Thursday, March 24, 2011

What Food Should I Eat to Lose Weight? – Should I Eat Fat and Protein or Carbohydrates?

If you are concerned about losing weight and have been thinking what to eat to get results, then this article will help you a great deal. Research has proven that your diet accounts for roughly 80% of your body composition. Working out can't make up for insufficient diet.
So you wonder, "What food should I eat to lose weight?" Most importantly, it is perhaps more useful to think about altering your body composition rather than concentrating on weight loss. Agreed, weight loss will be the most vital issue for a lot of persons but it is also feasible to significantly improve your look and lose fat while still maintaining about the same weight. This is possible when your body's composition tilts toward raising the level of lean muscle and lesser percentages of body fat.
The most efficient way to achieve this effect is to focus on a high quality diet that enables your body to using fat as its main energy supply. To do this you'll have to center on getting a large amount of your nutrition from foods high in quality fats and protein. You'll still eat some carbohydrates but in considerably lesser amounts than the usual diet. The major reason for this is because carbohydrates, when digested, are easily transformed into glucose in the blood stream. Your pancreas reacts to this arriving glucose by raising the level of insulin production and the insulin in response helps to transport the surplus glucose into fat cells as storage for later use. The problem is, for most of us later use never really comes. If your diet is high in carbohydrates your body is accustomed to making use of these rapid sources of energy and doesn't tap into fat storage as readily. In addition, given that you are constantly flooding your system with glucose there is always a surplus to be packed away as extra fat stores.

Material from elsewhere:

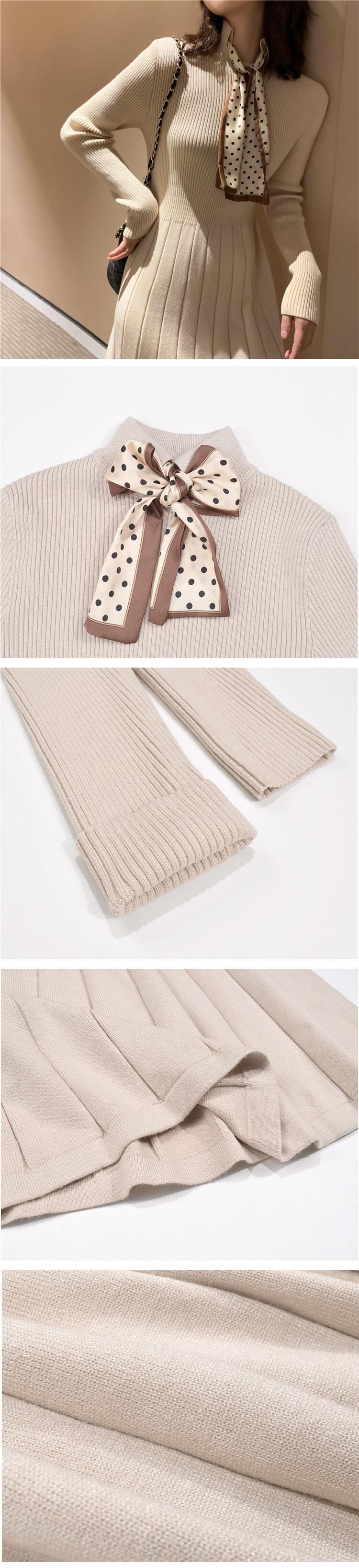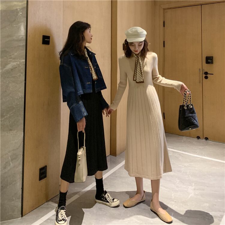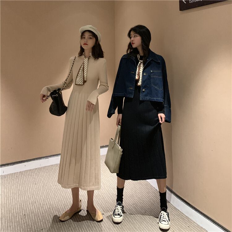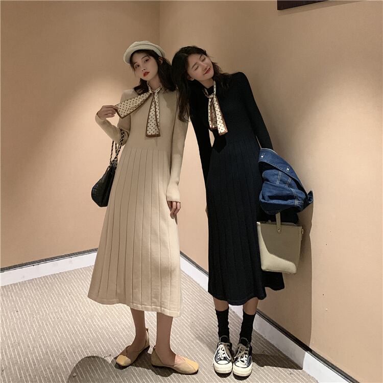 厚みのあるボトミング長袖ニットワンピース女性のウエストは細くて気質2020年秋新作ブラックロングスカート ドラファッションホール71431484096

If we most center our bodies attention on using fat from our diet and from fat cells as energy we need to lessen the percentage of carbohydrates we take and make sure the ones we do eat come in lesser concentrations. So as a replacement for of having a buckwheat pancake breakfast we should take an egg and bacon breakfast instead. Replace low impact carrots or parsnips for the high-starch higher insulin impact potato. The most assured way to evade surplus carbohydrates, as well as gluten issues and the like, is to drop grain products from your diet completely. Though this may seem like a radical step, it has been tremendously successful for many people. As a matter of fact, many native peoples consumed far more fat and protein focused diets than most of us today and consequently enjoyed better health.